### Task details
Only the lines from the one that contains "Молебное пение в" through the last line of the data below should be duplicated, exactly and without pictures.

Records drawn from a dataset
....

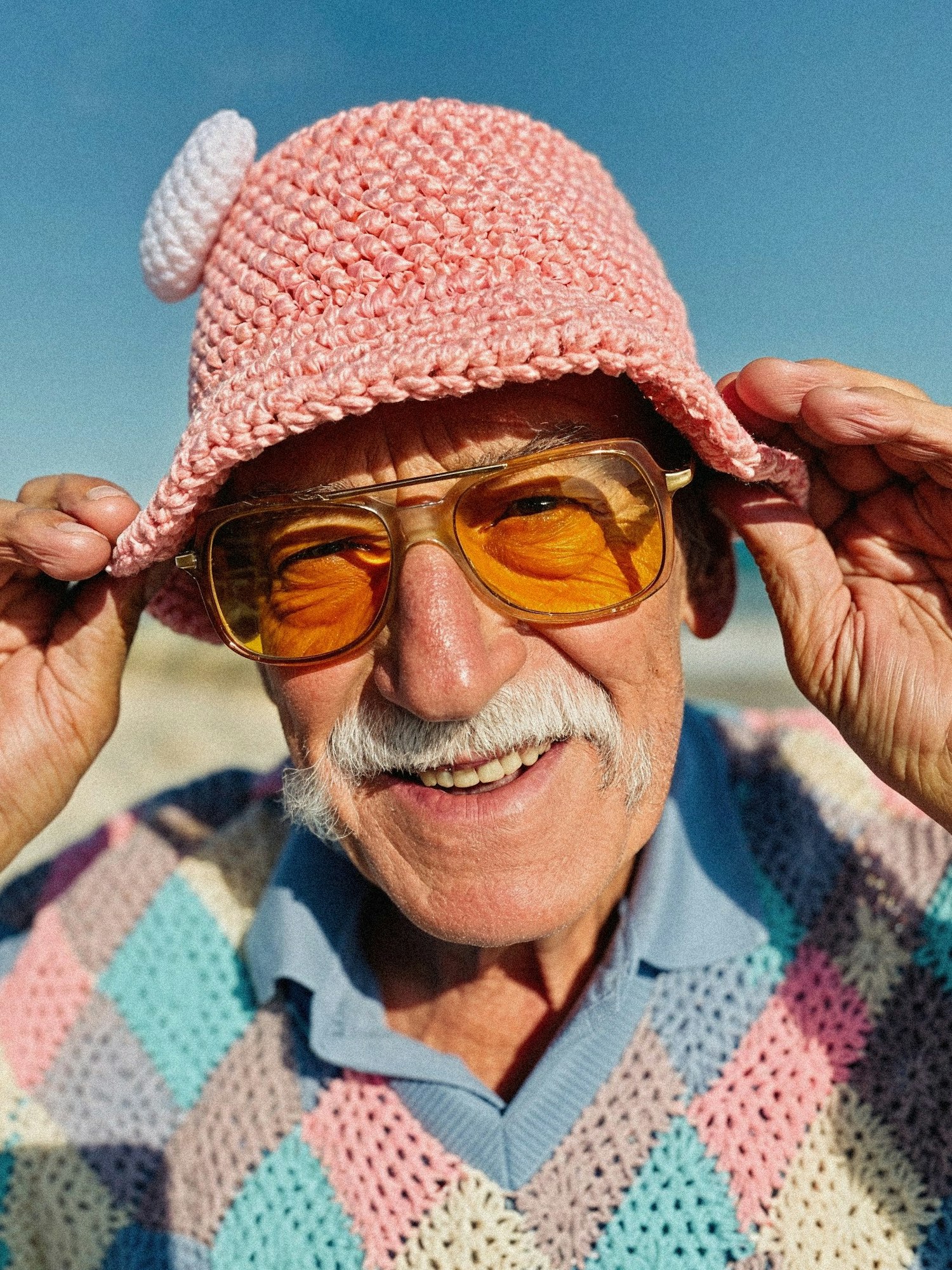 Cheerful elderly man in a pink crocheted hat, yellow glasses, and colorful sweater, enjoying a sunny day outdoors.
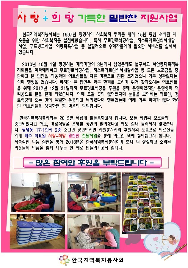 밑반찬지원사업 실시 페이지 정보 작성자 한국지역복지봉사회 댓글 0건 조회 15,240회 작성일 13-01-09 00:00 본문 독거어르신들을 위한 밑반찬 전달사업 모금함< http://t.co/zBBE0NVdkM > 목록 이전글광명노인복지센터 '방문요양' 13.01.11 다음글창립 15주년 기념식 및 제14회 자원봉사대축제에 초대합니다 12.11.23
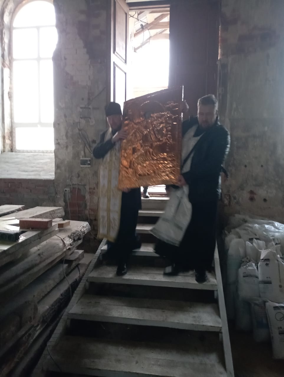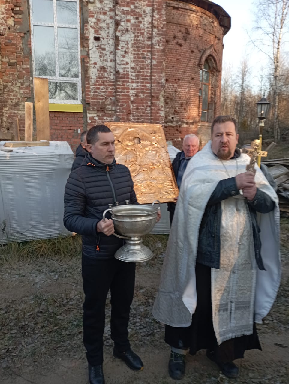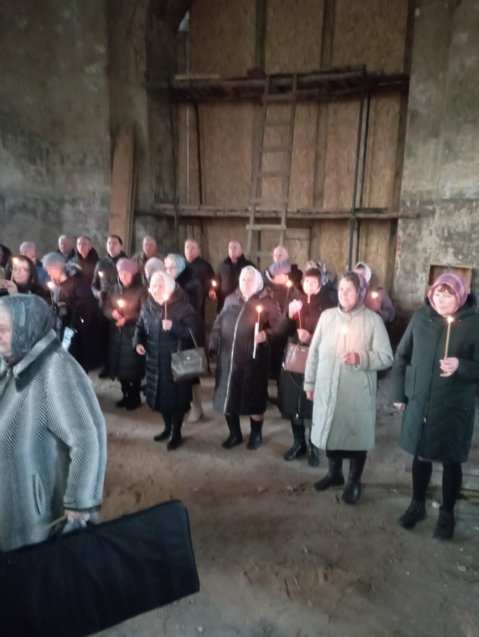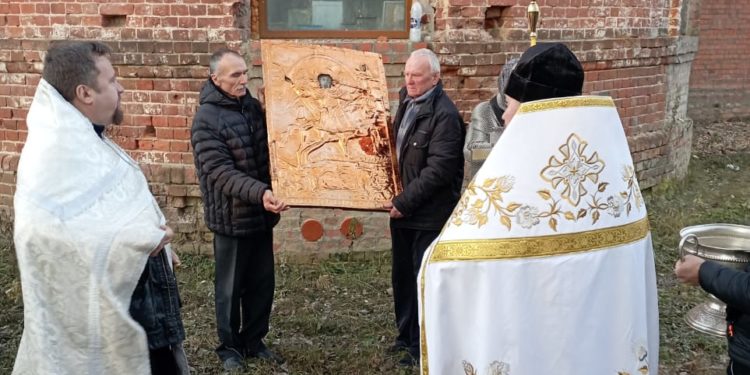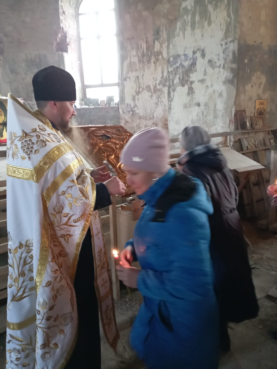 Молебное пение в восстанавливающемся храме Архистратига Божия Михаила
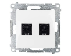 Simon 54 Gniazdo komputerowe podwójne 2xRJ45 kat.6 z przesłoną białe D62.01/11
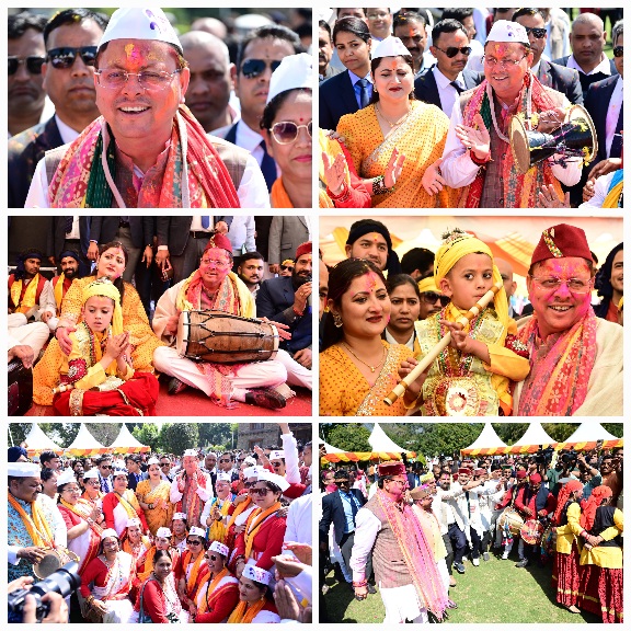 मुख्यमंत्री आवास का प्रांगण सोमवार को होली के रंगों में सराबोर नजर आया। इस दौरान प्रदेश की सांस्कृतिक समृद्धि और एकता के भी दर्शन हुए। पूर्वाह्न से ही प्रदेश भर के लोक कलाकारों, संस्कृति कर्मियों की टोलियां होली गायन करते हुए, सीएम आवास पहुंचती रही। एक तरफ गढ़वाल-कुमाऊं से लेकर जौनसार तक का होली गायन था, नृत्य था। इस दौरान होली के गीत गूंजे। पारंपरिक गायन हुआ। ढोल, मंजीरे बजे। पारंपरिक वाद्य यंत्रों की संगत ने होली गीतों के प्रभाव को और बढ़ा दिया। आओ दगड़ियो, नाचा गावा, आ गई रंगीली होली का आह्वान यदि कुमांउ से आए कलाकारों ने किया, तो राठ क्षेत्र के कलाकारों ने गाया-आई डान्ड्यू बसंत, डाली मा मौल्यार।
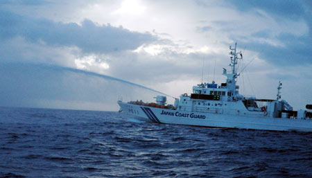 臺(tái)灣“全家!北a灤沾钶d著保釣人士前往釣魚(yú)島宣示“主權(quán)”,不過(guò),日本保安廳巡邏艦出動(dòng)十多艘,還噴水、企圖碰撞、排黑煙、及蛇行引側(cè)浪企圖阻撓。保釣人士丟擲飲料瓶抗議!爸醒肷纭眻D

....

### Finished task
 Молебное пение в восстанавливающемся храме Архистратига Божия Михаила
 Simon 54 Gniazdo komputerowe podwójne 2xRJ45 kat.6 z przesłoną białe D62.01/11
 मुख्यमंत्री आवास का प्रांगण सोमवार को होली के रंगों में सराबोर नजर आया। इस दौरान प्रदेश की सांस्कृतिक समृद्धि और एकता के भी दर्शन हुए। पूर्वाह्न से ही प्रदेश भर के लोक कलाकारों, संस्कृति कर्मियों की टोलियां होली गायन करते हुए, सीएम आवास पहुंचती रही। एक तरफ गढ़वाल-कुमाऊं से लेकर जौनसार तक का होली गायन था, नृत्य था। इस दौरान होली के गीत गूंजे। पारंपरिक गायन हुआ। ढोल, मंजीरे बजे। पारंपरिक वाद्य यंत्रों की संगत ने होली गीतों के प्रभाव को और बढ़ा दिया। आओ दगड़ियो, नाचा गावा, आ गई रंगीली होली का आह्वान यदि कुमांउ से आए कलाकारों ने किया, तो राठ क्षेत्र के कलाकारों ने गाया-आई डान्ड्यू बसंत, डाली मा मौल्यार।
 臺(tái)灣“全家!北a灤沾钶d著保釣人士前往釣魚(yú)島宣示“主權(quán)”,不過(guò),日本保安廳巡邏艦出動(dòng)十多艘,還噴水、企圖碰撞、排黑煙、及蛇行引側(cè)浪企圖阻撓。保釣人士丟擲飲料瓶抗議!爸醒肷纭眻D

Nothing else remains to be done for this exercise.